# Rotten Fish Smell from a Leaking Water Main?



## jeb6294 (Nov 15, 2012)

I've been walking in the mornings and for a few days there was a distinct smell of rotten fish in the same spot. My thought was that some soldier had thrown out his dinner or something. Fast forward a few days later and there is water gushing down the ditch...a rather odd sight in Afghanistan. The water was coming from a hydrant in the exact spot where I had noticed the fish smell. Could that rotten fish smell have been from a leak in the water line at that hydrant?


----------



## MA_PE (Nov 15, 2012)

Is the hydrant somehow connected to the sewer lines. H2S gas can have a rotten egg/rotting fosh smell to it and it can build in a sewer line.


----------



## RIP - VTEnviro (Nov 16, 2012)

Maybe the well is actually composed of spoiled meat.

Could some of the leachate from the septic field be getting into a crack in the line?

I'm trying to think here, that smell pretty much means sewage/sewer gas or something rotting.

Is it possible a rodent or something got into the pump house or treatment building, fried on a live wire, and is now causing odor issues?


----------



## Capt Worley PE (Nov 16, 2012)

I wonder if they add a scent to detect a leak like the natural gas folks do.


----------



## RIP - VTEnviro (Nov 16, 2012)

Then you would be drinking stinky water.


----------



## jeb6294 (Nov 17, 2012)

There's no connection between the water and the sewer systems. I also went and checked the water tanks at the water plant but they just smell like well water.

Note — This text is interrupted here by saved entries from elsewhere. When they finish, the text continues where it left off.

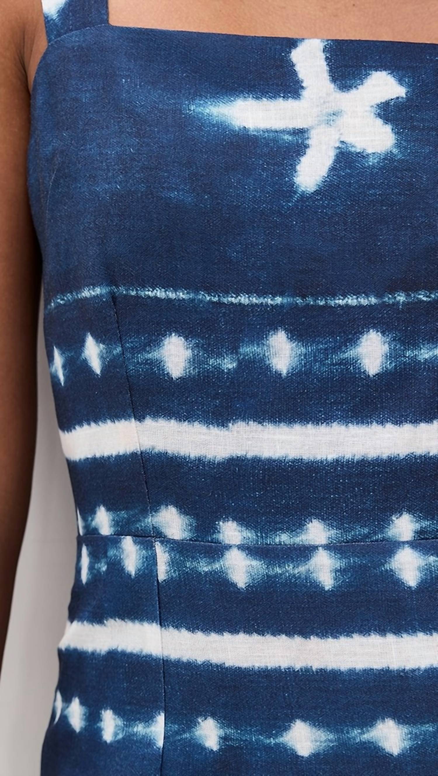 Just add slides or mules and you are good to go. Introducing the Natasha Dress by JBQ, a sophisticated choice for your summer wardrobe in striking Indigo Shibori. This sleeveless midi dress features a unique tie-dye stripe pattern and a fashionable square neckline. Crafted from mid-weight, non-stretch polyester, it includes adjustable shoulder straps and a length of 48 inches from the shoulder, ensuring a perfect fit. Imported, it offers a seamless finish with a hook-and-eye and hidden zip closure at the back. Care instructions recommend washing cold to maintain its vibrant look.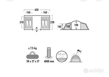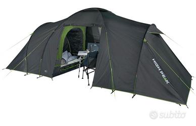 Marca High Peak modello Como 4 con 4 posti letto in due camere separate. Usata una sola volta: come nuova. In foto sia tenda montata che foto da catalogo.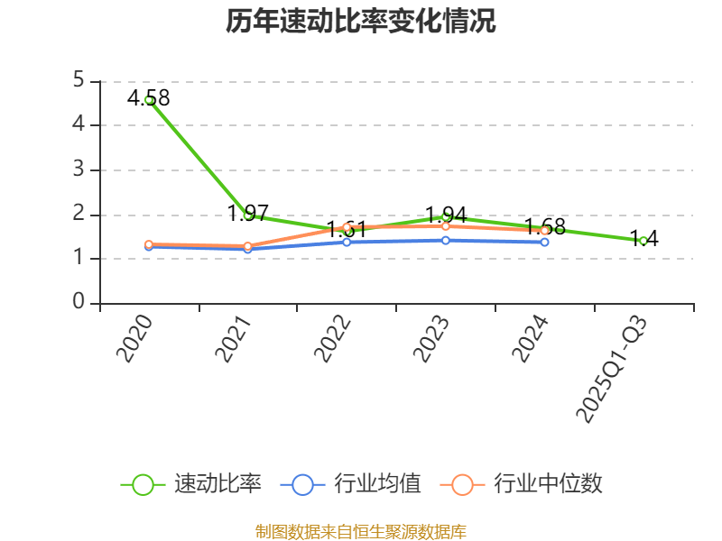 2025年前三季度,公司流动比率为1.68,速动比率为1.4。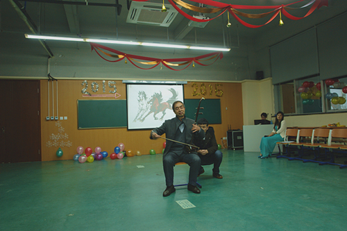 晚会在研究生们的《我们是共产主义接班人》合唱中拉开序幕,同学们以激昂高亢的歌声和饱满的热情迎接新一年的到来。随后,导师组们表演了独唱《我是一片云》、《乌苏里船歌》等歌曲,歌声悠扬动情,赢得现场阵阵掌声。二胡独奏《赛马》、《良宵》让在场观众感受到古典气息,曲子时而高昂、时而低沉,让大家体会到二胡声音的美妙。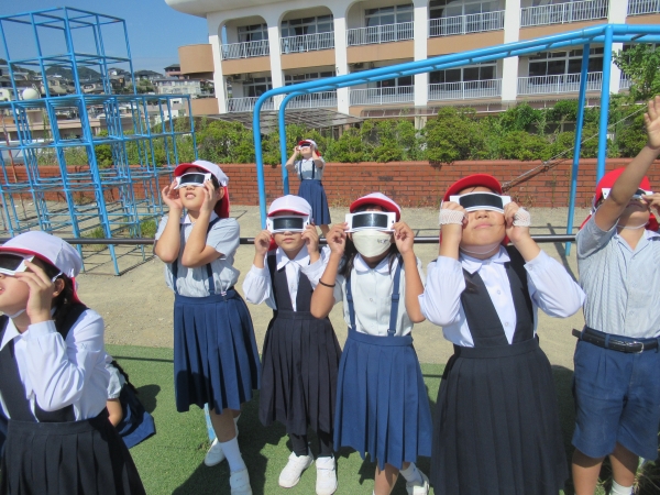 遮光板で太陽を見た時には「わぁー!!」と歓声が上がりました。太陽の位置と影の向きのひみつにも気付き、意欲的に学習に取り組んでいます。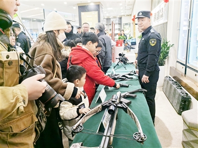 10日上午10时许,海天MALL中心G层及南广场,青岛公安“四十载守护平安,110勇毅前行”主题宣传暨“冬季守护·平安相伴”主题宣防活动正式启动。在户外区域,交警铁骑的摩托车、特警队员的防暴装甲车吸引了大批市民前来参观并合影留念。在室内区域,特警支队展示的弓弩、防暴枪、突击步枪、手枪、排爆服等装备,让很多市民第一次摸到了“硬核装备”。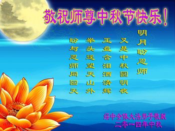 在這萬家和樂的節日裏,叩首恭祝慈悲偉大的師尊中秋節快樂!我們一定努力跟上正法進程,做好三件事,不辱師尊的慈悲救度。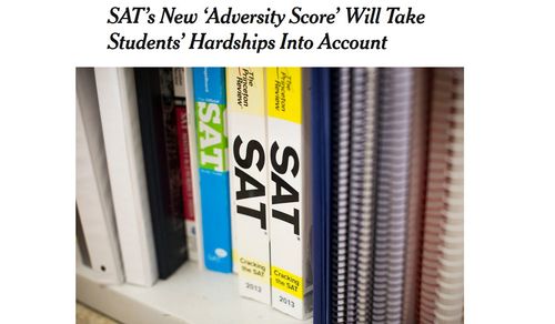 The company announced on Thursday that it will include a new rating, which is widely being referred to as an “adversity score,” of between 1 and 100 on students’ test results. An average score is 50, and higher numbers mean more disadvantage. The score will be calculated using 15 factors, including the relative quality of the student’s high school and the crime rate and poverty level of the student’s neighborhood.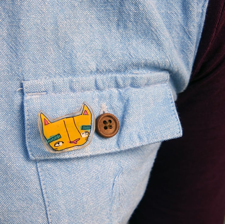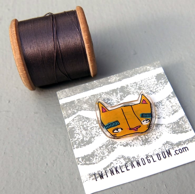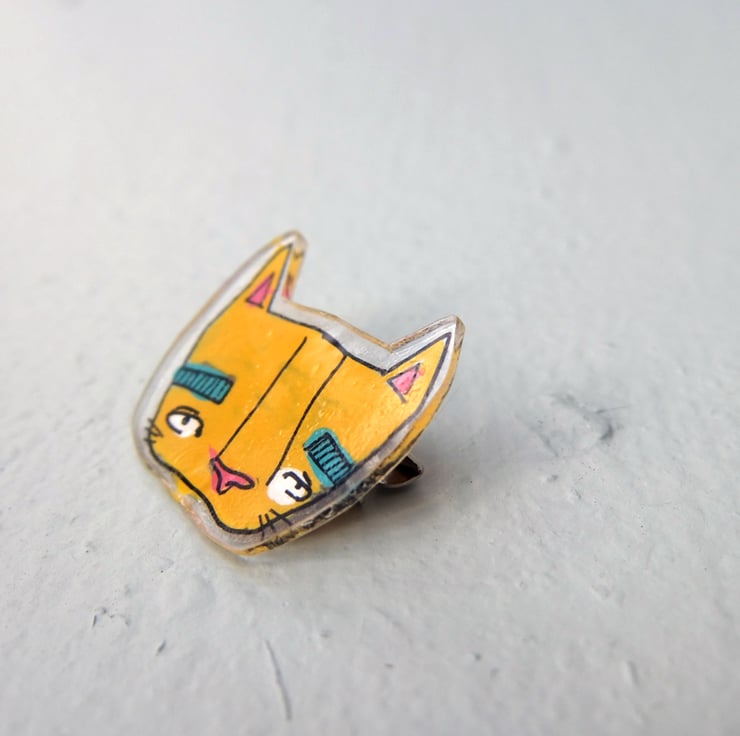 This 'Weird Kitty' broochis hand drawn and hand painted by Artist Twinkle & Gloom. The drawing is a copy of original Twinkle & Gloom artwork and is perfect for any crazy cat person. This lovely kitty comes in Mustard.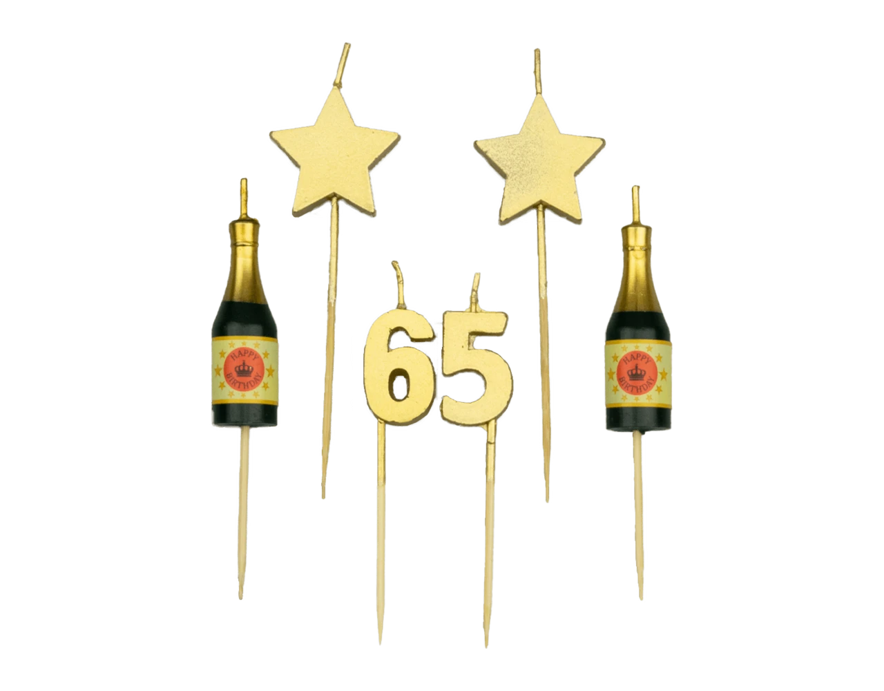 Verpakkingsinhoud: Party cakekaarsen – 65 jaar
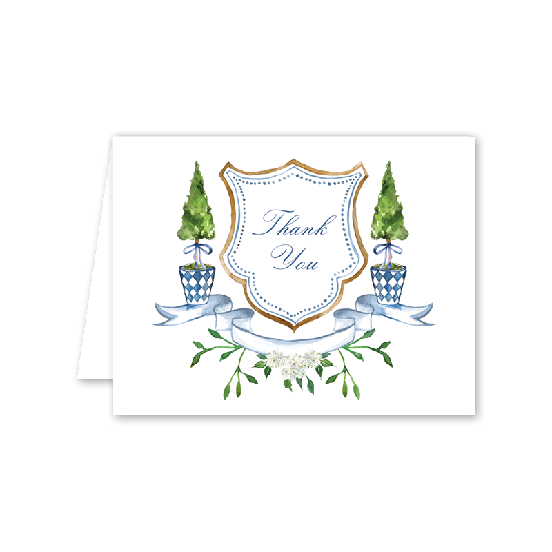 Blue Topiary Crest Thank You Card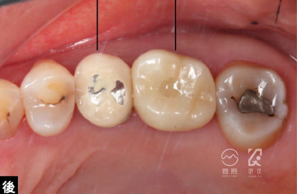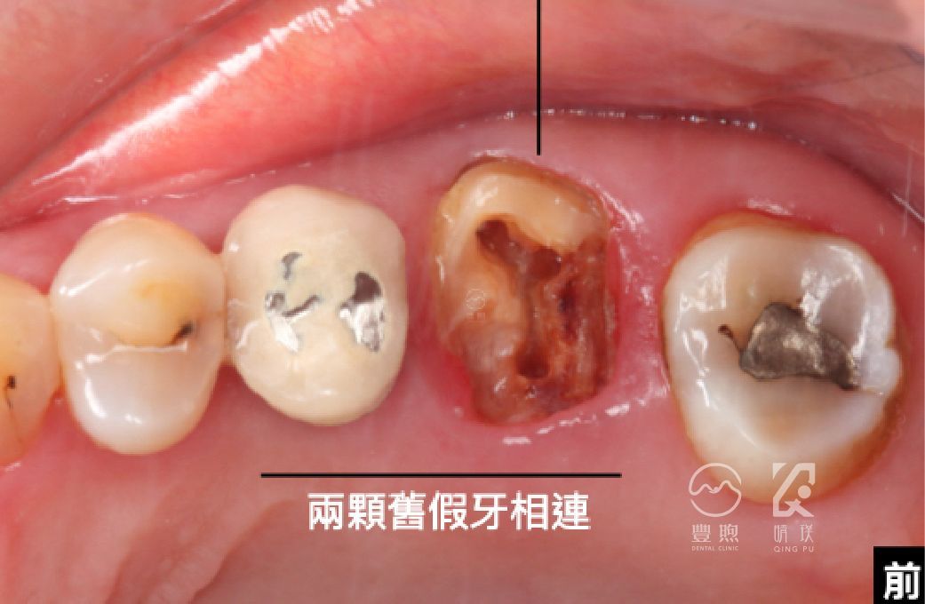 病人原先是兩顆假牙相連在一起,在不易清潔的狀態下,第一大臼齒開始蛀牙,慢慢的導致假牙鬆脫,讓牙齒斷裂。經過仔細評估,建議病人前一顆舊假牙修復好可以再繼續使用,後面這顆斷裂的大臼齒則是建議拔除且植牙。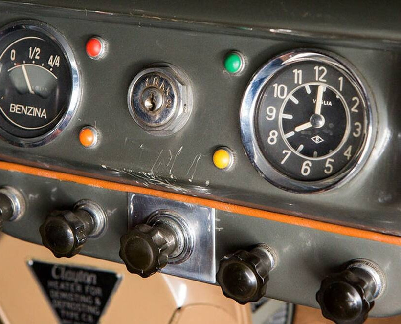 Όπως μπορείτε να δείτε το χρώμα είναι το αυθεντικό και μπορείτε να δείτε πάνω του τη φθορά του χρόνου. Αξιοσημείωτη είναι και η σκουριά πάνω στους τροχούς ή στους προφυλακτήρες, ενώ σε εξαιρετική κατάσταση δείχνει το εσωτερικό με το πορτοκαλί δέρμα και το μεγάλο ξύλινο τιμόνι.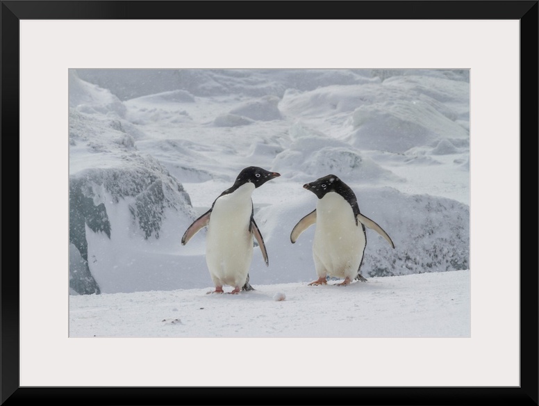 <p>Adelie penguins (Pygoscelis adeliae), in snow storm at breeding colony at Brown Bluff, Antarctic Peninsula, Antarctica, Polar Regions</p>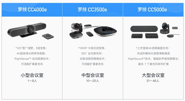 對(duì)于5至8人的會(huì)議室,Logitech CC4000e超高清攝像機(jī)視頻會(huì)議主機(jī)通過(guò)緊湊的音頻和視頻集成設(shè)計(jì),大大節(jié)省了室內(nèi)空間。 內(nèi)置的三個(gè)麥克風(fēng)可在一個(gè)小房間內(nèi)提供高保真聲音,完全恢復(fù)了會(huì)議中的每個(gè)細(xì)節(jié)。 對(duì)于10至20人的中型會(huì)議室,攝像頭和拾音器是分開(kāi)設(shè)計(jì)的,在確保近端拾音效果的同時(shí),還可以確保攝像頭角度的靈活性。 此外,該解決方案還增加了回聲消除和降噪技術(shù),以防止會(huì)議室出現(xiàn)回聲問(wèn)題。 大型會(huì)議室可容納21人,配備4K超高清攝像機(jī),揚(yáng)聲器,麥克風(fēng),臺(tái)式機(jī)集線器,顯示集線器和內(nèi)置的Logitech Right SenseTM技術(shù),可智能地優(yōu)化燈光和聲音,以滿(mǎn)足復(fù)雜的視頻會(huì)議環(huán)境。 截至2019年6月30日,已有超過(guò)1000萬(wàn)個(gè)企業(yè)組織和2億用戶(hù)在使用它。 軟硬件的結(jié)合已成為許多組織邁向數(shù)字化未來(lái)的最短途徑。
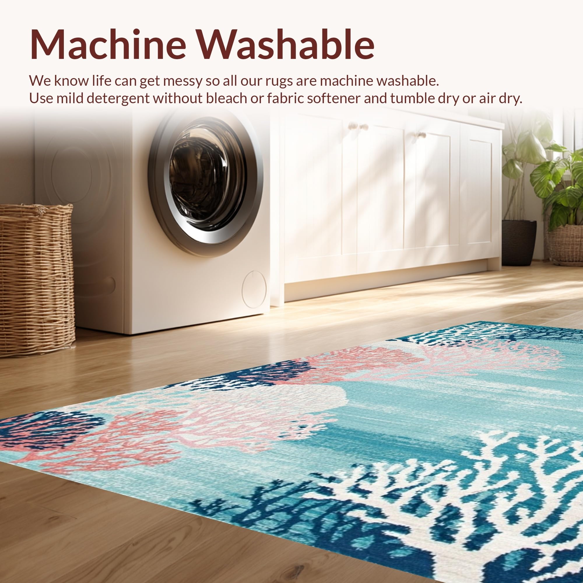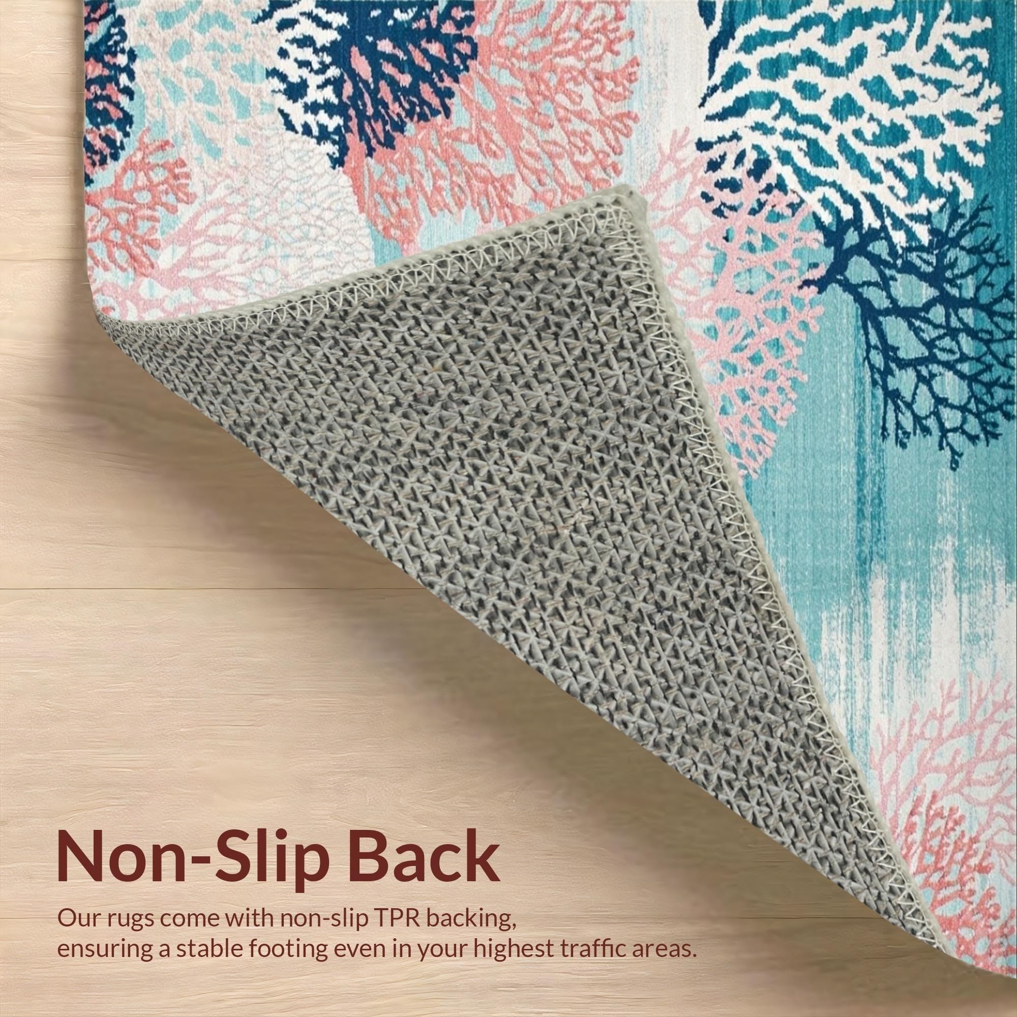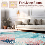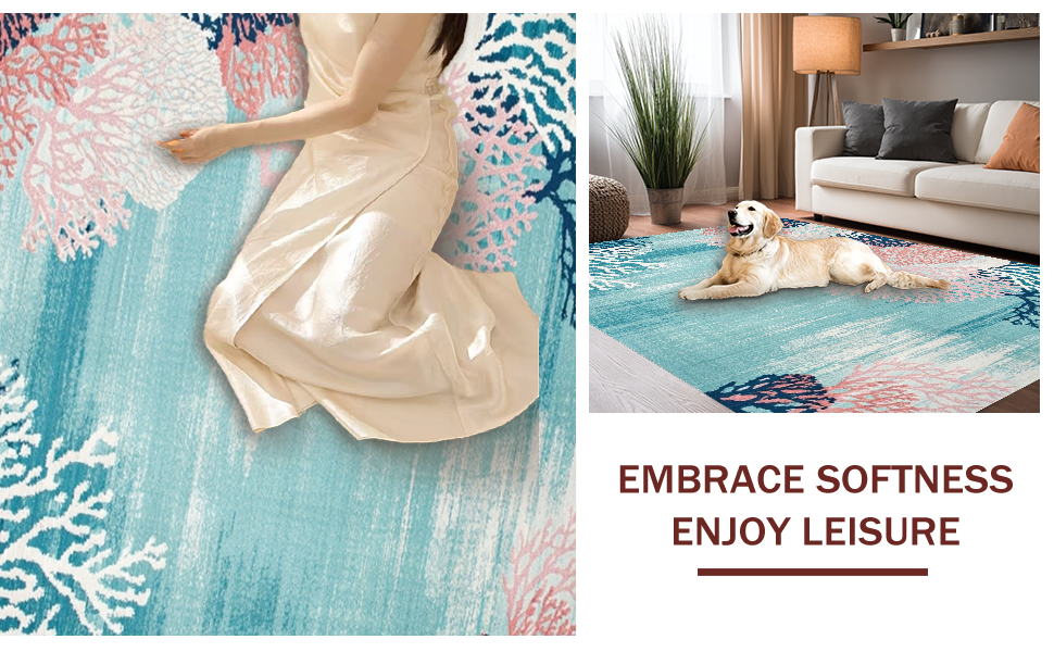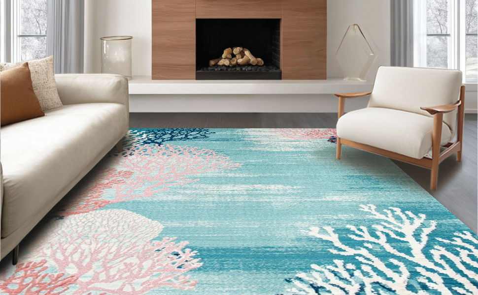Ultra Soft Area Rug, Non Slip, Stain Resistant, Washable Area Rugs for Living Room, Bedroom, Elegant Tiled Coral Aesthetic(Blue) Overview:

I'm wondering if there's something in the soil here that stinks when it gets saturated.


----------



## RIP - VTEnviro (Nov 17, 2012)

Your dilemma kinda peaked my curiousity, so I googled 'stinky soil' and found this on a gardening forum.

/&gt;http://forums2.gardenweb.com/forums/load/soil/msg0622394319437.html

Sounds like it is saturated and went anaeorbic.


----------